Using the data below, restate exactly every line from the one with "Die stabil konstruierten" up to and including the one with "1階と2階のご利用者様合同での「おやつレク」を行いました!". No picture belongs in it.

---------- EXCERPTED DATA ----------

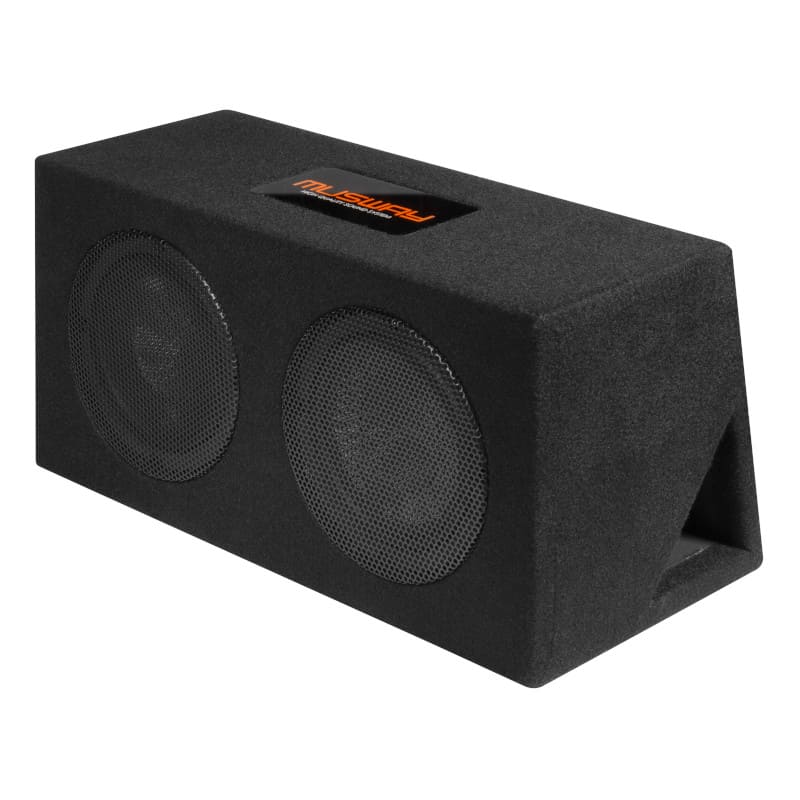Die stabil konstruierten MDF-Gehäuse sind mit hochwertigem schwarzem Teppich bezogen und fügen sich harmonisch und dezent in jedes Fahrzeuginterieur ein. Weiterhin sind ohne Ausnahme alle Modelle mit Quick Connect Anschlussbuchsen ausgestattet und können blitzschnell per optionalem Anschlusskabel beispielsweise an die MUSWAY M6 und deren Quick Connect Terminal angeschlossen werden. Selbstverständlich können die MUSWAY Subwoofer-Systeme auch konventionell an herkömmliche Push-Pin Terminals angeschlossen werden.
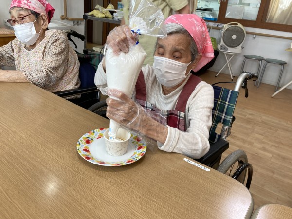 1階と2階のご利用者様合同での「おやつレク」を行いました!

----------
---------- EXCERPTED DATA ----------

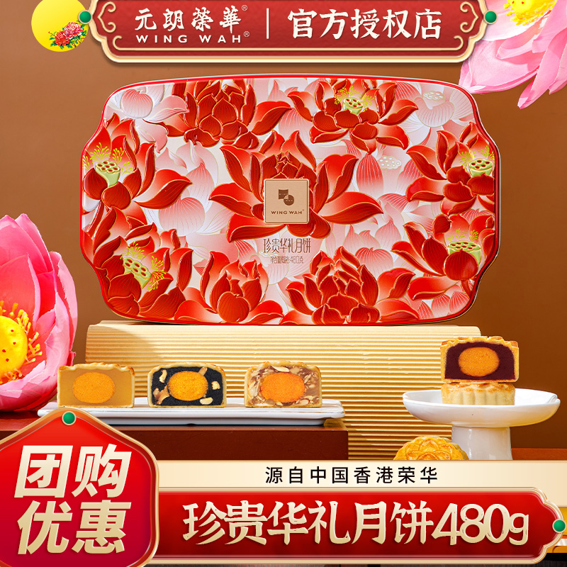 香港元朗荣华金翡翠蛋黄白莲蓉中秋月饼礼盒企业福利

----------

EXERCISE SOLUTION
Die stabil konstruierten MDF-Gehäuse sind mit hochwertigem schwarzem Teppich bezogen und fügen sich harmonisch und dezent in jedes Fahrzeuginterieur ein. Weiterhin sind ohne Ausnahme alle Modelle mit Quick Connect Anschlussbuchsen ausgestattet und können blitzschnell per optionalem Anschlusskabel beispielsweise an die MUSWAY M6 und deren Quick Connect Terminal angeschlossen werden. Selbstverständlich können die MUSWAY Subwoofer-Systeme auch konventionell an herkömmliche Push-Pin Terminals angeschlossen werden.
 1階と2階のご利用者様合同での「おやつレク」を行いました!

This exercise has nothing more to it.